Soft pulls won’t harm your credit score, but hard pulls can lower it for up to 12 months and remain on your reports for up to two years. Think of a soft credit pull as a cursory glance at your credit reports, whereas a hard credit inquiry is a deep dive, which only happens when you fully apply for new credit.
Hard inquiry vs. soft inquiry
A soft credit pull, or soft inquiry, won’t affect your credit score at all. When you check your own credit reports, it’s considered a soft pull. If you’ve ever received a letter from a credit card company saying, “You’re preapproved!” then they’ve done a soft pull on your credit reports. Potential landlords, utility companies and private citizens can all conduct soft pulls for a surface-level look at your credit reports. And many lenders also offer a preapproval process that only requires a soft pull.
A hard credit pull, or hard inquiry, requires your permission, and it can harm your credit score for a few months and remain on your credit reports for up to two years. These happen when you apply for new credit, such as a credit card or loan. With a hard pull, you give a lender permission to request your credit reports to determine your creditworthiness for your new credit account.
How many points does your credit score drop from a hard pull?
The impact of a hard credit pull can depend on your current credit score, but it’s typically around five to 10 points per hard pull. So, while it’s not a huge drop, it can be a pain for low-credit borrowers or those right on the edge of credit score requirements.
Whether you’re approved for the new credit, hard inquiries are reported and can harm your credit score for up to 12 months but fall off completely after two years.
Why do hard credit pulls harm my credit score?
Credit scoring models consider borrowers who frequently apply for new credit to be high-risk. FICO and VantageScore track how often you apply for new credit. If you apply for new credit often, it lowers your credit score.
Hard inquiries go under the FICO category called new credit, which makes up 10% of your FICO credit score. Borrowers who frequently apply for new credit may be at risk of being overextended financially, so each time you apply for new credit, it’s noted on your credit reports for future potential lenders to see.
If you open a new credit account, that will also impact your credit score thanks to the category called length of credit history.
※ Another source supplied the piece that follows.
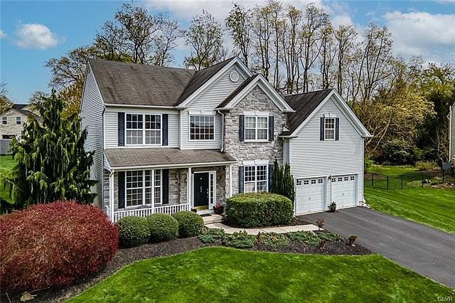 Showings Begin Saturday morning at 9am. Open House Saturday from NOON to 2:00. Stunning 4 bedroom home set in the heart of Center Valley and Southern Lehigh School District is now for sale. Set on a cul de sac, this colonial boasts over 3,600 sq ft of living space with 3 bathrooms, a brand new finished basement and private office. Other amenities include gas heat, central air, two car garage, a master suite showcasing over 300 square feet w/ 3 closets (2 walk ins). Walking distance to the elementary school and Hopewell Park and minutes from the Saucon Valley Promenade Shops, Rail Trail, Route 78, Route 309 and PA Turnpike, this neighborhood and home are ideal for so many.... This home is eligible for 100% Financing through USDA or the VA. Taxes are under $7,500 annually. No HOA.

It makes up 15% of your FICO credit score and tracks the average age of all your active accounts. By opening a new account, you’ll temporarily decrease the average age of your accounts, which can lower your credit score.
Rate shopping can reduce hard pull impact
Rate shopping involves applying with multiple lenders within a short time for the sake of comparing rates to reduce the hard pull impact. If you apply for the same type of credit within a small window, the credit bureaus note all the hard inquiries, but the credit scoring models consider the multiple hard pulls as one in calculating your credit score.
The credit scoring models understand that when you apply for the same type of credit multiple times, such as a mortgage, you’re comparing rates. Older versions of FICO allow for a 14-day span for rate shopping, and the newer FICO versions allow for up to 45 days. So, even if a lender is using an older version of FICO, you still have at least two weeks to check rates with multiple lenders with minimal impact on your credit score.
However, rate shopping may not apply to things like credit cards. Each hard inquiry with a new credit card application will likely harm your credit score, because applying for multiple credit cards can be a sign that you’re overextended financially.
Products with no hard credit pull
These credit-building products don’t require a hard credit inquiry, so applying for them won’t affect your credit score.
Bottom line
Since hard credit inquiries can add up, apply for new credit sparingly. Multiple five to 10 point drops in a short time can mean a drastic drop in your credit score for just applying.
You should also remember that checking your credit reports doesn’t harm your credit score at all. In fact, it’s encouraged to check your credit reports frequently. You can request free weekly copies of your credit reports from AnnualCreditReport.com or from the credit bureaus themselves: Experian, Equifax and TransUnion.